Subpopulation variance: How to do it correctly?

Hello, I am doing a study comparing cancer prevalence and related health behaviors between veterans and non-veterans. I am pooling data from 2000 to 2018. I read the article “Analysis and Variance Estimation with IPUMS NHIS,” but I am confused.

  • How do I make sure I produce nationally representative subpopulation variance?
  • Do I have to adjust STRATA or PSU?

NOTE: Cancer prevalence variables are available all years. Some of the health behavior variables are available all years, others are available only certain years (2000, 2003, 2015).

My response below will summarize what is documented in our User Note on how to approach analysis and variance estimation with IPUMS NHIS and the Use of Sampling Weights with IPUMS NHIS.

  • I am pooling data from 2000 to 2018.

You only need to adjust the sampling weights with pooled samples if you are creating estimates that are representative of the entire time period. To do this, you would simply divide the weights by the number of samples in your pool. However, if you are creating estimates for each year separately, you do not need to adjust the sampling weights by dividing them by the number of samples. You would just use them as-is. In that case, while your extract may contain data from multiple samples, you are not conducting a “pooled” analysis.

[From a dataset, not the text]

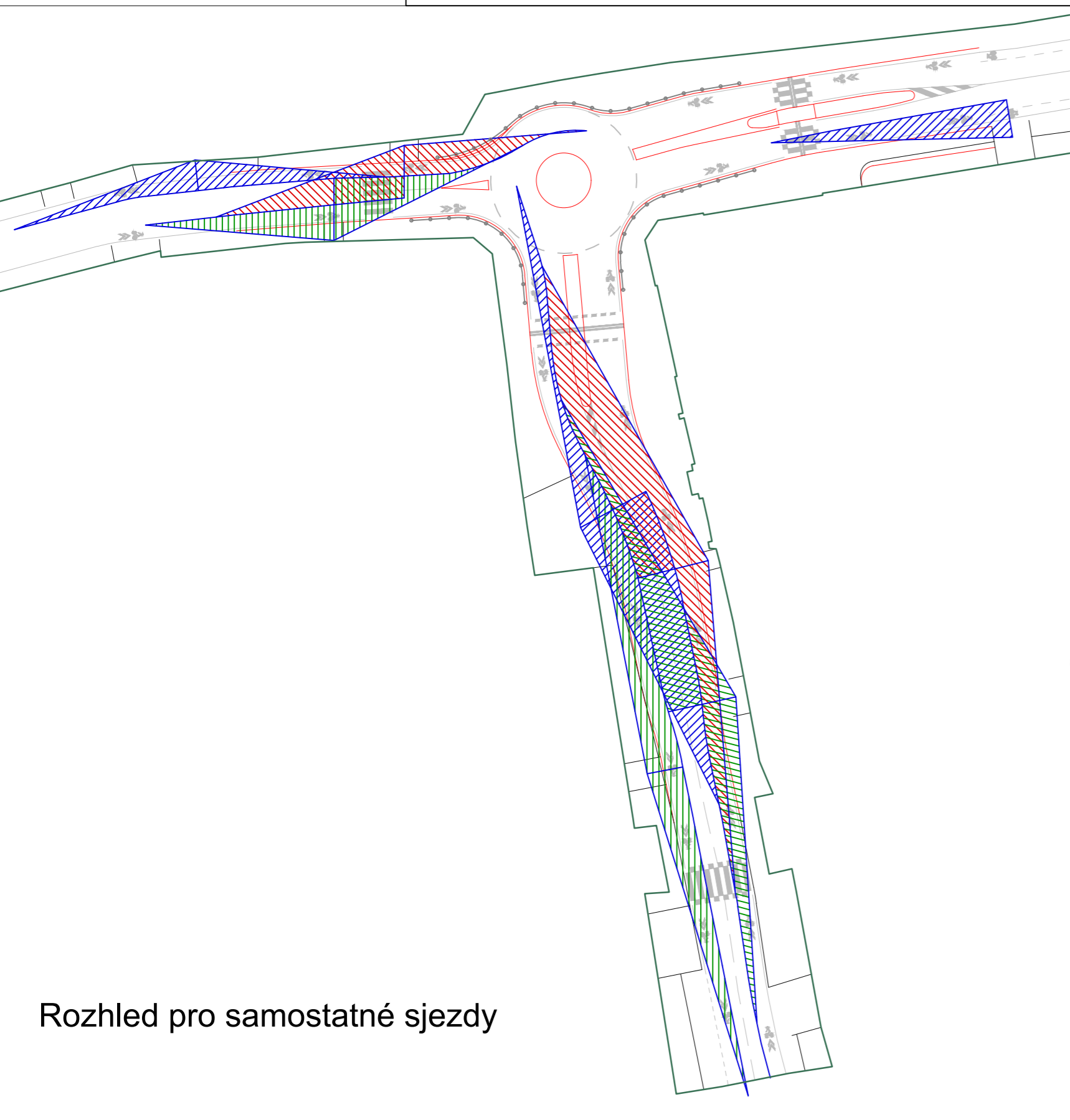
Rozhled pro samostatné sjezdy

  • How do I make sure I produce nationally representative subpopulation variance?

The following R syntax demonstrates, generally, how an analyst can conduct subpopulation analysis using IPUMS NHIS data without compromising the design structure of the data. This approach has the effect of producing estimates for the population of interest, while incorporating the full sample design information for variance estimation. This syntax uses, as an example, the population of those 65 and older.

library(survey)
library(srvyr)
data <- as_survey(data, id = PSU, weight = PERWEIGHT, strata = STRATA, nest = TRUE)
subset(data, age >= 65) %>% summarise(var1_mean = survey_mean(var1, na.rm = TRUE))
  • Do I have to adjust STRATA or PSU?

The integrated variables STRATA and PSU in the IPUMS NHIS database have been adjusted from the original NHIS design variables to account for sampling design changes across years. Thus, the analyst can simply select the STRATA and PSU variables to use for analysis of one year or for many years of IPUMS NHIS data.

  • NOTE: Cancer prevalence variables are available all years. Some of the health behavior variables are available all years, others are available only certain years (2000, 2003, 2015).

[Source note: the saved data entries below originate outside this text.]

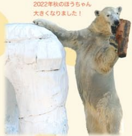
2022年秋のほうちゃん 大きくなりました！
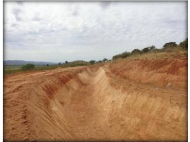
Corte de terreno, Km 19,450.
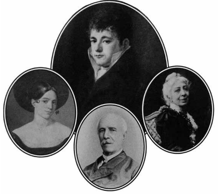
García ailesinin birkaç üyesi: Baba Manuel García (1775-1832), Maria Malibran (1808-1836), Manuel Patricio García (1805-1906), Pauline Viardot (1821-1910).

Depending on if you are pooling samples or creating annual estimates, your approach will be different. If you are creating annual estimates for each year separately, there is no necessary change needed for your analyses. If you are pooling data across multiple years for one estimate, you may need to restrict your pool to only years where the variables of interest are available, and adjust weights accordingly (divide your weight variables by the number of samples in your analyses).

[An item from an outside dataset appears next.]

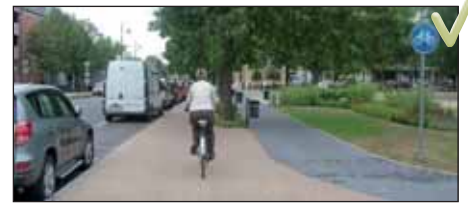
Szabályos kerékpáros közlekedés a MÁV felé
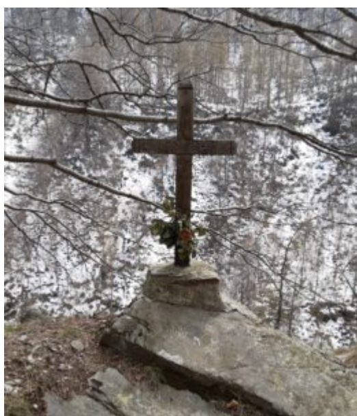
Croce infissa in un masso

e poco più avanti una croce infissa in un masso.

While differential availability across time is not the reason for a different weight, it likely indicates that something is part of a rotating topical supplement that is only asked of sample adults/children. On each variable webpage, there is a Weights tab that indicates which weight variable is best for that variable. In general, you should be using the most restrictive weight available based on the variables you are using for your analysis, or you could run your analyses separately for combinations of variables that require different weights, as seems appropriate.